# 项目分析

逐级生成分析，使用不同模板。

粗描述生成（自上而下）：
1. 首先读取每个文件，针对每个文件生成粗略描述（限制输入文本长度以免避免模型超限）
2. 根据每个文件，生成文件命名空间（父文件夹）描述（大部分引用的为命名空间）
3. 之后针对每个文件中的类生成描述，利用文件引用将其他文件的粗描述引入作为信息
4. 针对每个文件中的方法生成描述，利用类的描述信息

精细描述生成（自下而上）：
1. 利用一个类中的其他方法的描述，以及类的描述，生成当前方法描述
2. 利用类中所有方法的精细描述，生成类的描述
3. 利用一个文件中所有类的描述，生成文件的描述
4. 结合引用文件描述，重新生成当前文件描述

In [2]:
import time
import os
import pickle
from typing import *

In [3]:
import torch

In [4]:
from transformers import AutoModelForCausalLM, AutoTokenizer

In [5]:
from tinydb import TinyDB,Query

In [6]:
os.environ["RWKV_CUDA_ON"] = 'cuda:1' # if '1' then use CUDA kernel for seq mode (much faster)

In [7]:
os.environ["CUDA_LAUNCH_BLOCKING"] = '1'

In [8]:
device = 'cuda:1' if torch.cuda.is_available() else '0'

In [9]:
def get_encoding_type(file):
    with open(file, 'rb') as f:
        rawdata = f.read()
    return detect(rawdata)['encoding']

## 1. 读取项目测试数据

In [10]:
import json

In [11]:
from chardet import detect

## 2. 读取模型参数测试

In [12]:
import torch
from transformers import AutoTokenizer, AutoModelForCausalLM

In [13]:
from transformers import AutoTokenizer, AutoModelForCausalLM
tokenizer = AutoTokenizer.from_pretrained("../data/deepseek-coder-6.7b-instruct-AQLM/", trust_remote_code=True)
model = AutoModelForCausalLM.from_pretrained("../data/deepseek-coder-6.7b-instruct-AQLM/", 
                                             # device_map = 'auto',
                                             trust_remote_code=True, 
                                             torch_dtype=torch.bfloat16).cuda()

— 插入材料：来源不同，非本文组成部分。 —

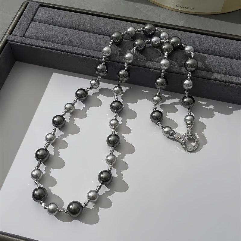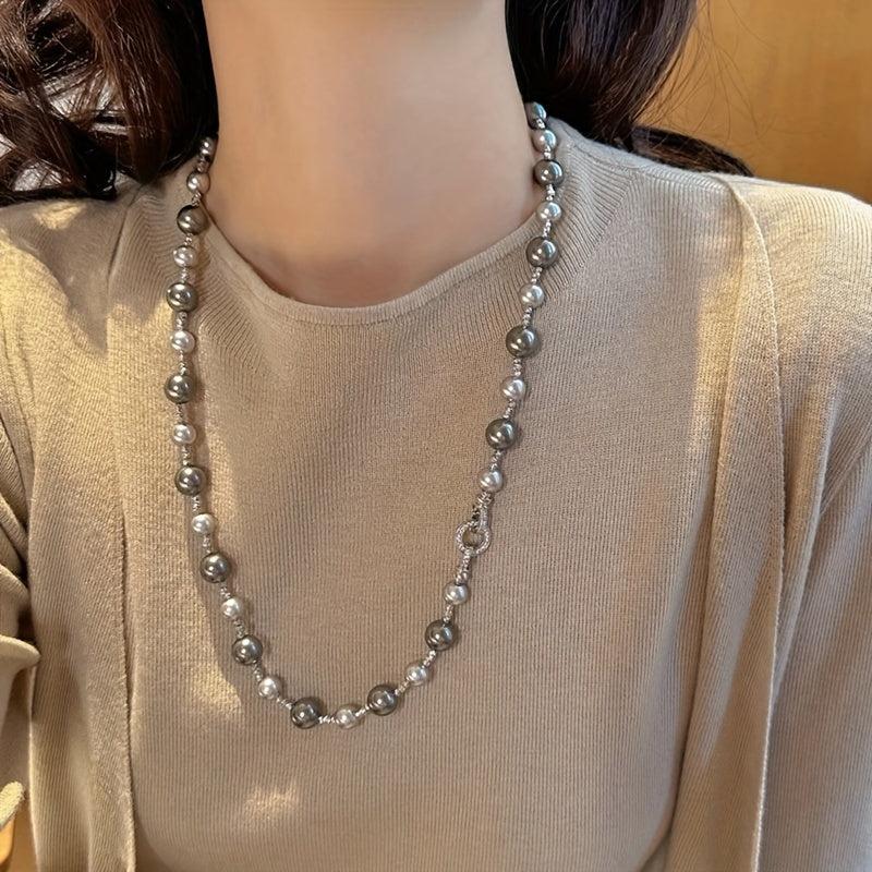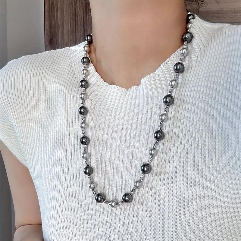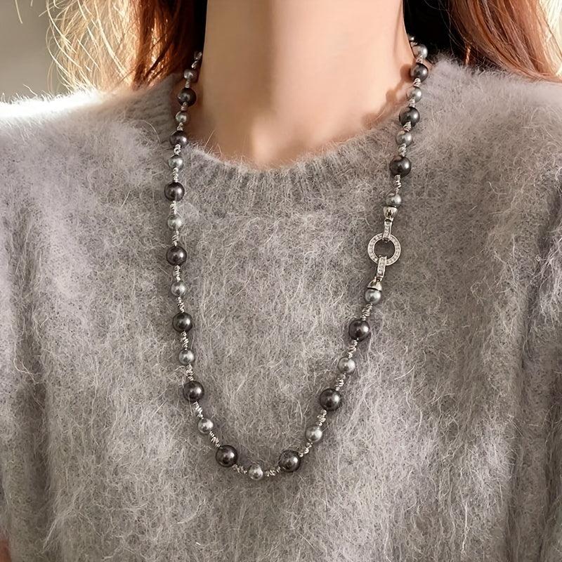 Stylish mixed mysterious and bead pearl necklace designed for women to match casual autumn and winter outfits.

`low_cpu_mem_usage` was None, now default to True since model is quantized.


## 3. 项目分析提示词模板

In [16]:
import tinydb

#### 自上而下-类结构描述

In [64]:
file_db_lst = tinydb.TinyDB('../data/results/amc-rough_csfile_db-dscoderv2lite.json').all()
namespace_db_lst = tinydb.TinyDB('../data/results/amc-rough_namespace_db-dscoderv2lite.json').all()
class_db_lst = tinydb.TinyDB('../data/results/amc-rough_class_db-dscoderv2lite.json').all()
method_db_lst = tinydb.TinyDB('../data/results/amc-rough_method_db-dscoderv2lite.json').all()

In [65]:
file_db_map = {n['filepath']:n['desc'] for n in file_db_lst}

namespace_db_map = {n['namespace']:n['desc'] for n in namespace_db_lst}

project_meta = json.load(open('../data/processed/amc-by-tree-sitter.json','r'))

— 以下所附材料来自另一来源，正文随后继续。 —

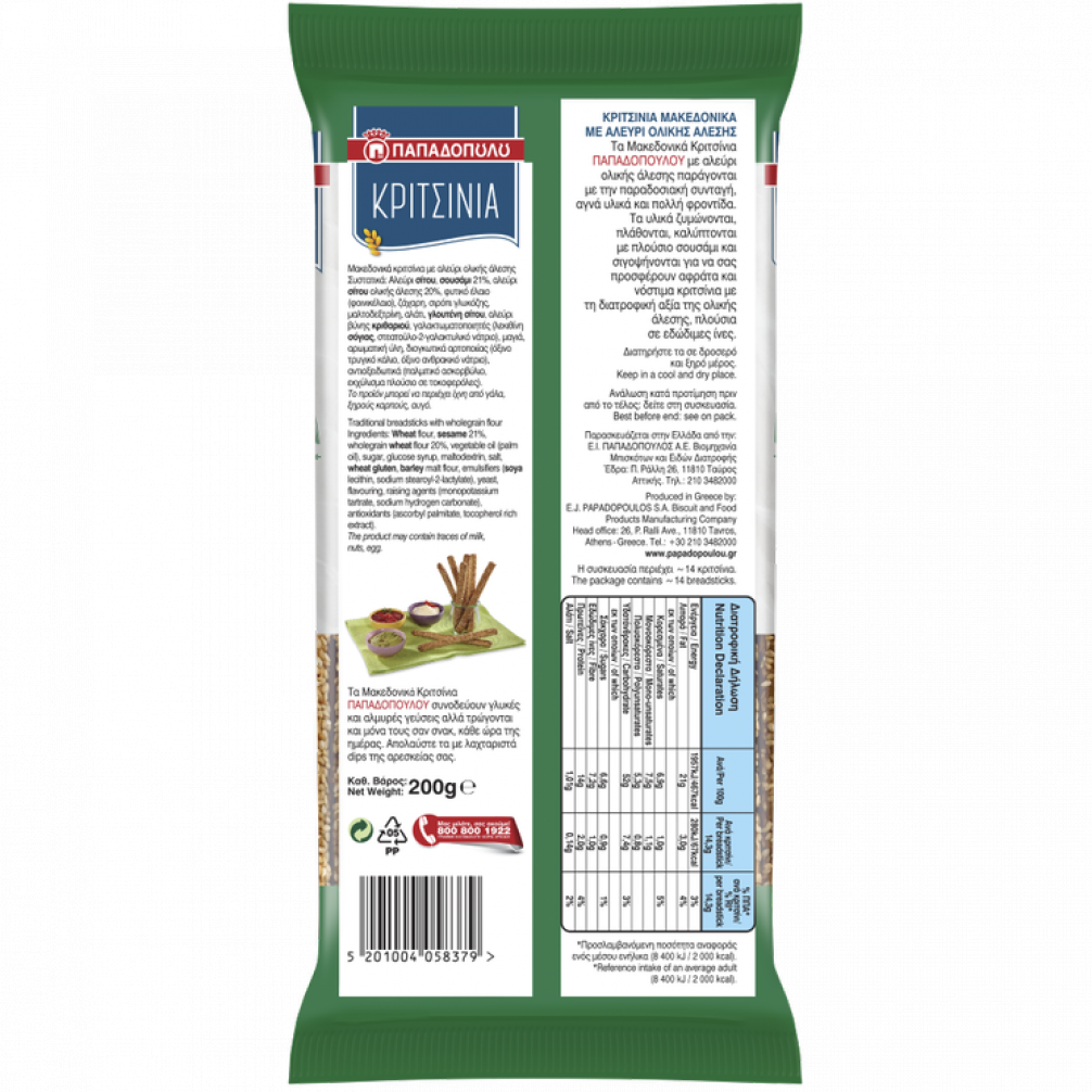 Παραδοσιακές συνταγές, αγνά υλικά που ζυμώνονται και παίρνουν σχήμα, σιγοψήνονται και συσκευάζονται αμέσως, για να σας προσφέρουν πάντα τραγανά και νόστιμα κριτσίνια.

method_db_map = {n['filepath']:
                 {n['classname']:
                  {n['methodname']:
                   n['desc']
                  }
                 }
                 for n in method_db_lst}

In [71]:
class_db_map = {}
for cnode in class_db_lst:
    if not cnode['filepath'] in class_db_map:
        class_db_map[cnode['filepath']] = {}
    class_db_map[cnode['filepath']][cnode['classname']] = cnode['desc']

In [60]:
def gen_prompt_class(ref_desc_map:Dict[str,str],
                     class_map:Dict[str,str],
                      max_length:int=1024):
    '''
    ref_desc_map: 引用文件（命名空间）名，生成的描述文本
    class_map: 代码内容  class_name class_comment class_code
    max_length: 最大长度
    '''
    template_pref = f"""你是一个资深的软件工程师，现在需要对一个 csharp 软件项目进行分析，并撰写代码文档，现在针对一个文件中单独的类class中包含的功能以及其作用进行描述。这个类在使用时可能调用了标准库以及本地的其他文件和命名空间，现在需要对这个类进行详细分析，需要撰写的文档格式如下：# 类的整体功能描述; # 类中包含的关键成员以及方法的介绍; # 综合上面信息，总结这个类的作用范围（如：信号分析、adapter、中间件等等）。
    这个类所引入的外部库的描述如下，分为引入的命名空间名称以及其对应的描述文本：
    """

    template_pref += '\n'.join(f"引用名：{k}；描述内容：{v}" for k,v in ref_desc_map.items())
    
    
    temlplate_middle = f"类本身的代码内容如下：\n 类名：{class_map['class_name']}；类注释：{class_map['class_comment']}；类代码体：{class_map['class_code'][:max_length]}"
    
    template_surf = '\n\n请生成对应的命名空间描述文档：\n'
    
    return template_pref + temlplate_middle + template_pref
    

In [61]:
db_class = tinydb.TinyDB('../data/results/amc-rough_class_db-dscoderv2lite.json')

In [56]:
amc_doc = {}
for k in project_meta:
    node = project_meta[k]
    fname = node['filename']
    fpath = node['filepath']
    namespace = node['namespace_key']
    if not namespace in amc_doc:
        amc_doc[namespace] = {
                            'namespace_doc':namespace_db_map[namespace],
                             'file_list':[]
        }
    csfile_doc_node = {
                    'filepath':fpath,
                      'file_doc':file_db_map[fpath],
                    'class_list':[]
    }
    
    allref_lst = node['source_reference'] + list(node['relocal_reference'])
    ref_desc_map = {k:('' if not k in namespace_db_map else namespace_db_map[k]) for k in allref_lst}
    for class_node in node['source_class']:
        class_name = class_node['class_name']
        if class_name in class_db_map[fpath]:
            # print(f'{fpath} {class_name} exist continue.')
            continue
            
        prompt = gen_prompt_class(ref_desc_map=ref_desc_map,class_map=class_node)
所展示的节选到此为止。